Forbidden Broadway Strikes Back!, the successful new edition of Gerard Alessandrini's satirical Forbidden Broadway revue series, moves June 26 to the very heart of its target, Broadway. It's new home is the 187-seat Stardust Theatre downstairs in Ellen's Stardust Diner, next door to the Winter Garden Theatre at Broadway and 51st Street.

The special kick-off promotion the show planned for Wednesday afternoon June 25, feautring a free concert and an appearance by Carol Channing, the Broadway icon spoofed in so many FB editions, has been canceled because the New York City Police Department would not issue a permit for the outdoor event. A press spokesman for the show thought the police refusal to issue the permit might have something to do with the ire caused last week when Broadway was closed to traffic in the vicinity of the Winter Garden for the Cats celebration.

FB shas played at several locations on Manhattan's upper East Side and upper West Side since its humble beginnings 15 years ago. The new cabaret-style, 187-seat theatre is located at Broadway and 51st Street, downstairs in Ellen's Stardust Diner, right next door to the Winter Garden Theatre and Cats, not only Broadway's champion long-run hit but also the recipient of some of Alessandrini's most creative barbs through the years.

The new location is in a restaurant that's a haven for tourists who love corn with their corned beef. Along with the 1950s diner atmosphere and the famous extra thick milk shakes, there are singing hosts and wait staff (even intentionally bad jokes from the stand-up comic).
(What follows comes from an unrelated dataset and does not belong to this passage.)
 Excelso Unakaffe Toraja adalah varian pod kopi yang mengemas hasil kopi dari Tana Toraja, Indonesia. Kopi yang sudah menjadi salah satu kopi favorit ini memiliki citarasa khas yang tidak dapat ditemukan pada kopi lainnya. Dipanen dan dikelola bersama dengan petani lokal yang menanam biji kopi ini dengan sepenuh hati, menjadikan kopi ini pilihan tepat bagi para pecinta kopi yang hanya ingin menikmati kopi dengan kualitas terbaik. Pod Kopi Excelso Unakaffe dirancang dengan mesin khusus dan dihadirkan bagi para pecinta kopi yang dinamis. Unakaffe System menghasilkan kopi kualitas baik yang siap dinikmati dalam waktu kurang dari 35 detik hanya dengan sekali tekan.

"We hated to leave the Triad, which, under another name, was our original home," said John Freedson, who co-produces FBSB with Harriet Yellen, and Jon Platt. "We left there briefly and then returned. We loved it on the upper West Side, but for some time we wanted a larger space within striking distance, so to speak, of our targets. It's important to be close to or in the middle of all the gossip on the street. "The new location, within the theatre district, with its more spacious seating and slightly more upscale menu will, hopefully, give us a higher profile in the theatre district, which is much more frequented by theatre-loving tourists than, say, West 72nd Street, where we were. One more attractive thing about the new location is that formerly where we were a destination we have the potential now for 'walk-in' business."
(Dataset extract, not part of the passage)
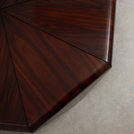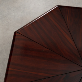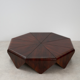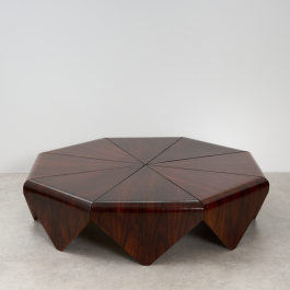 Beautiful and rare 'Petalas' coffee table, designed by Jorge Zalszupin and produced by his own company, L’Atelier, Brazil, 1959. The Petalas table was inspired by the folded paper forms of origami. It is composed of eight petal-shaped panels of layered Jacaranda set on a circular metal frame, together forming an elegant octagonal shape.

Freedson, who ten years ago was a cast member in the New York and Boston companies (he went on to direct the national and international tours), noted that FBSB has many return customers from among New York's theatre-lovers "but it's also popular with tourists, many of whom, haven't seen the shows being poked fun at. It doesn't seem to matter. What's great is that we can be enjoyed by almost anyone who just loves having a good time, courtesy of Gerard's fondess for musical theater and his vicious wit."
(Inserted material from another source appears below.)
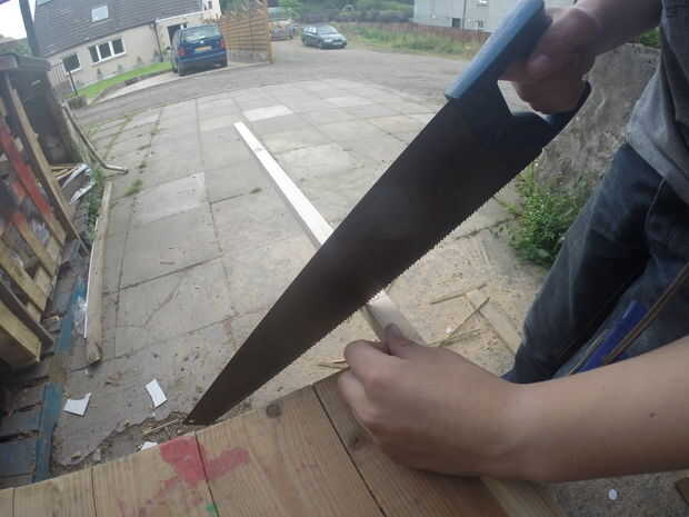 También quiere recortar su 30 1/4" piezas del pino stripwood, lo hice con una sierra de mano que quieras estos cortes para ser tan cuadrado como sea posible.

The move gives the show an additional 57 seats, a deeper stage with more wing space, and more comfortable dressing rooms. An updated show contains some new material hot out of the new musicals and off the gossip pages.

Only two days before his new opening, Alessandrini was at the piano working on a new sketch about the incident involving "Vicious Victoria" or "Raqula," as he refers to to the headline-making sex-symbol Raquel Welch, now starring in Victor/Victoria.

Alessandrini also assured Playbill On-Line that "there'll be some new sparks flying" on the season just ended with sketches on the soon-to-close Steel Pier, Dream, and The Life. FBSB's Christine Pedi will take on Rosie O'Donnell hosting the Tony Awards; and Tom Plotkin will be unvieled as Robert Cuccioli in a hair flipping bit as Jekyll & Hyde in a duet/duel of "Anything You Can Do (I Can Do Better)." There are no sacred cows. Alessandrini is also working on a Titanic sketch to be inserted in the near future.

A production source at the Tony-winning Best Musical was relived to learn about the sketch involving Titanic. "To be left out of Forbidden Broadway would be a fate worse than being on a sinking ship."